The further deterioration was unexpected. Economists had expected the index to rise to 49.2.
“August flash PMI data signaled further disconcerting signs for the health of the US private sector. Demand conditions were dampened again, sparked by the impact of interest rate hikes and strong inflationary pressures on customer spending, which weighed on activity,” said Sian Jones, senior economist for S&P Global Market Intelligence.
The services sector PMI dropped to 44.1 from 47.3 last month. Economists had expected it to improve to 49. The manufacturing PMI fell to 51.3, indicating mild expansion.
“Gathering clouds spread across the private sector as services new orders returned to contraction territory, mirroring the subdued demand conditions seen at their manufacturing counterparts. Excluding the period between March and May 2020, the fall in total output was the steepest seen since the series began nearly 13 years ago,” Jones said.
There is also signs that the labor market, which has been incredibly strong this year, is beginning to roll over.
“Lower new order inflows and continued efforts to rein in spending led to the slowest uptick in employment for almost a year.

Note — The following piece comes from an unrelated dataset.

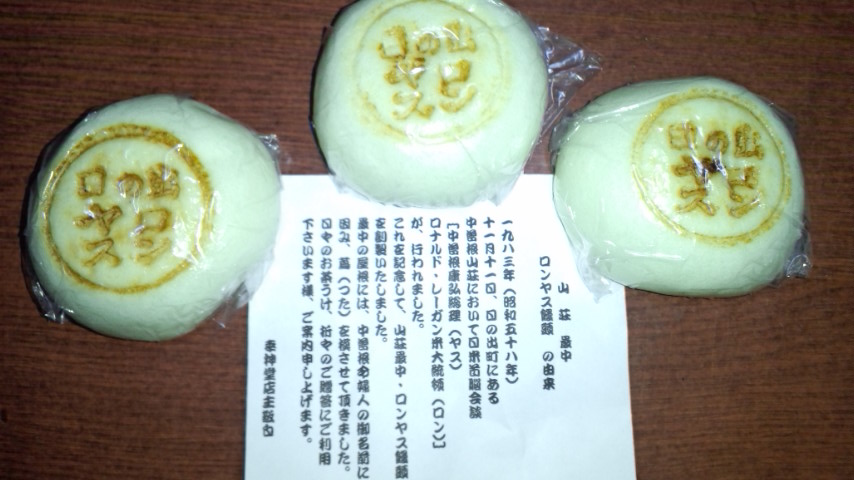 つるつる温泉入口交差点の近く、ふと目に入った和菓子屋さんの看板に「ロンヤス饅頭」との文字(写真では見づらい)を発見!

Reports of challenges finding suitable candidates started to be countered by those companies noting that voluntary leavers would not be replaced with any immediacy due to uncertainty regarding demand over the coming months,” Jones said.
Inflationary pressures appear to be easing, although inflation remains historically elevated.
“One area of reprieve for firms came in the form of a further softening in inflationary pressures. Input prices and output charges rose at the slowest rates for a year and-a-half amid reports that some key component costs had fallen. Although pointing to an ongoing movement away from price peaks, increases in costs and charges remained historically robust,” Jones said.
S&P Global said that customer demand has been depressed by material shortages, delivery delays, hikes in interest rates, and inflationary pressures.